## DATA BLOCK
######

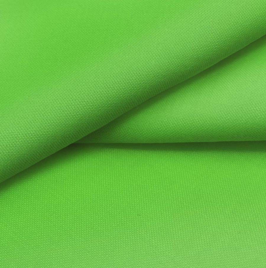 La tela base es un Voile Ligero - Kyoto de 100% poliéster en color verde loro, con un CMYK de 67 0 96 0. El color verde loro evoca la naturaleza y la frescura, combina perfectamente con tonos neutros, como blancos y grises, aportando equilibrio y armonía a la pieza.
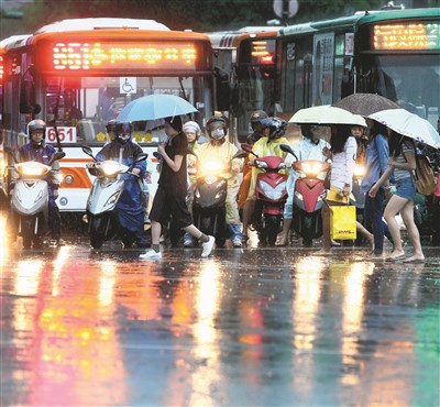 結構完整的梅雨鋒面今天報到,上午出門民眾明顯感受雨勢。 圖/侯永全
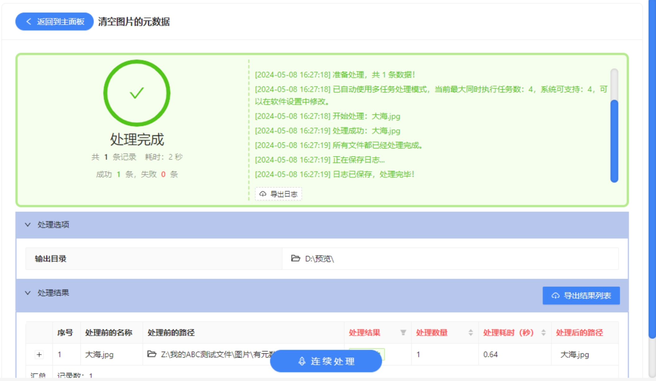 4. 点击“开始处理”或类似按钮,软件会自动清除图片中的元数据。处理完成后,通常会有绿色勾选或提示信息显示处理成功,此时就可以在之前设置的保存路径中找到处理后的图片。

######

## WHAT TO DO
Hand back every line of the material, exactly, without the pictures.

## ANSWER FOR THE TASK
 La tela base es un Voile Ligero - Kyoto de 100% poliéster en color verde loro, con un CMYK de 67 0 96 0. El color verde loro evoca la naturaleza y la frescura, combina perfectamente con tonos neutros, como blancos y grises, aportando equilibrio y armonía a la pieza.
 結構完整的梅雨鋒面今天報到,上午出門民眾明顯感受雨勢。 圖/侯永全
 4. 点击“开始处理”或类似按钮,软件会自动清除图片中的元数据。处理完成后,通常会有绿色勾选或提示信息显示处理成功,此时就可以在之前设置的保存路径中找到处理后的图片。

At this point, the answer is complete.